──────── Task input ────────
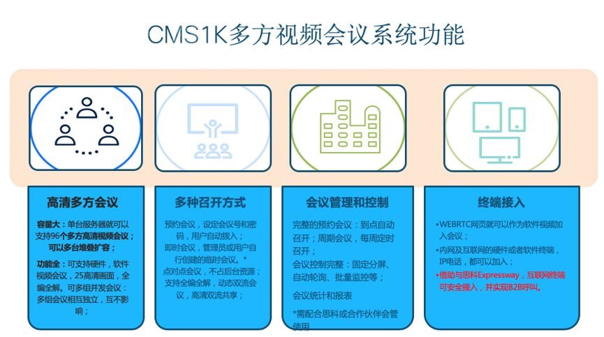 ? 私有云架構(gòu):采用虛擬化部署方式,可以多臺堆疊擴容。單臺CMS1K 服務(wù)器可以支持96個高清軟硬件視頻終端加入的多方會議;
────────
──────── Task input ────────
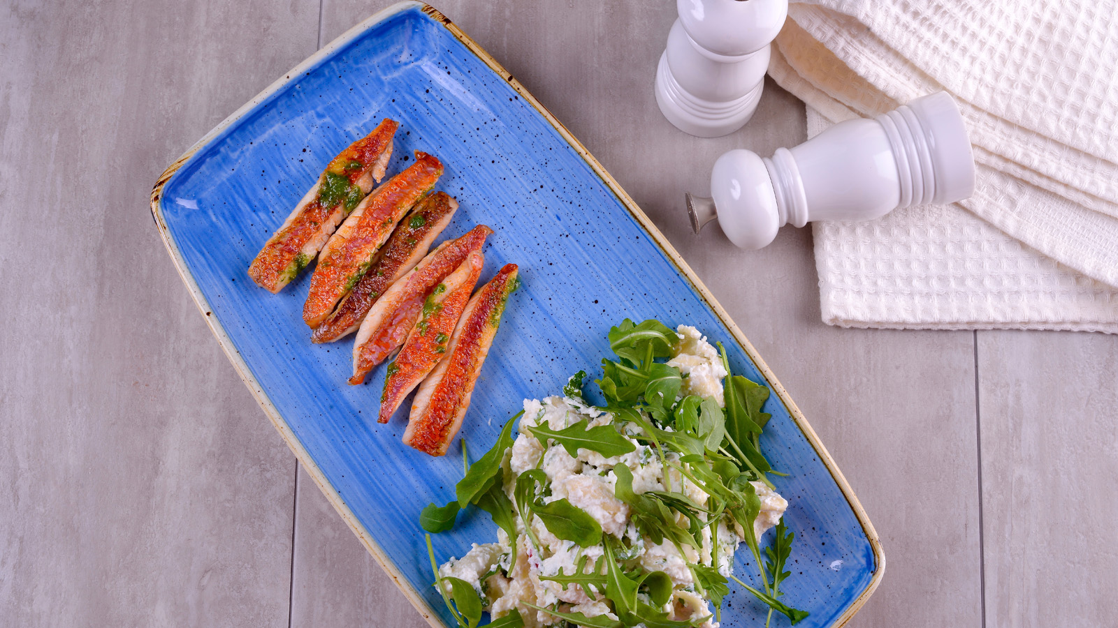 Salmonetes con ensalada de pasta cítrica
────────
──────── Task input ────────
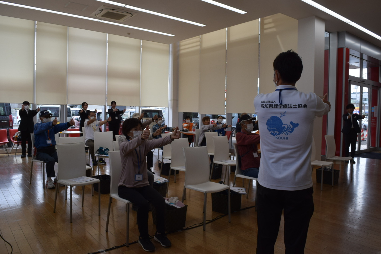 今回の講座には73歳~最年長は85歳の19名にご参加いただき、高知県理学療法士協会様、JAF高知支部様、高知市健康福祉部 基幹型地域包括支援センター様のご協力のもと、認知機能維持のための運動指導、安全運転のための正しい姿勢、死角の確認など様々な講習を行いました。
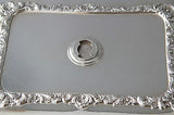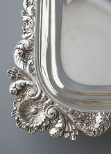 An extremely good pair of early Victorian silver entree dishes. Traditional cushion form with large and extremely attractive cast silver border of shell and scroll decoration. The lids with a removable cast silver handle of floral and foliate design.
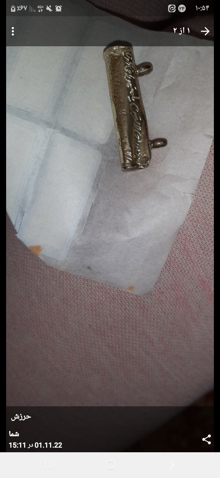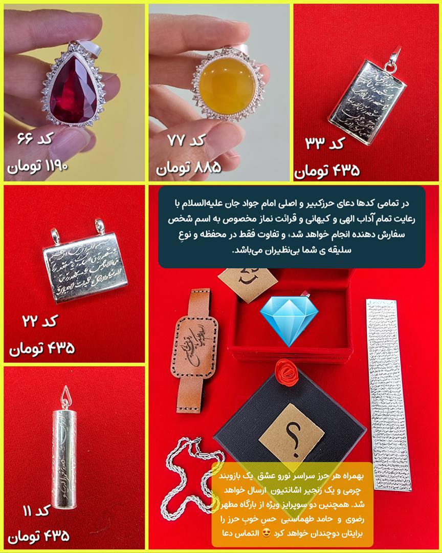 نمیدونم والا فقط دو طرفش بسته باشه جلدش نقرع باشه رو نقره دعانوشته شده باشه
────────
** Exercise directions **
Lines wanted from the entries above: the one with "An extremely good", the one with "نمیدونم والا فقط", and all lines between. Please copy them exactly, without the pictures and without anything else.

** Task result **
 An extremely good pair of early Victorian silver entree dishes. Traditional cushion form with large and extremely attractive cast silver border of shell and scroll decoration. The lids with a removable cast silver handle of floral and foliate design.
 نمیدونم والا فقط دو طرفش بسته باشه جلدش نقرع باشه رو نقره دعانوشته شده باشه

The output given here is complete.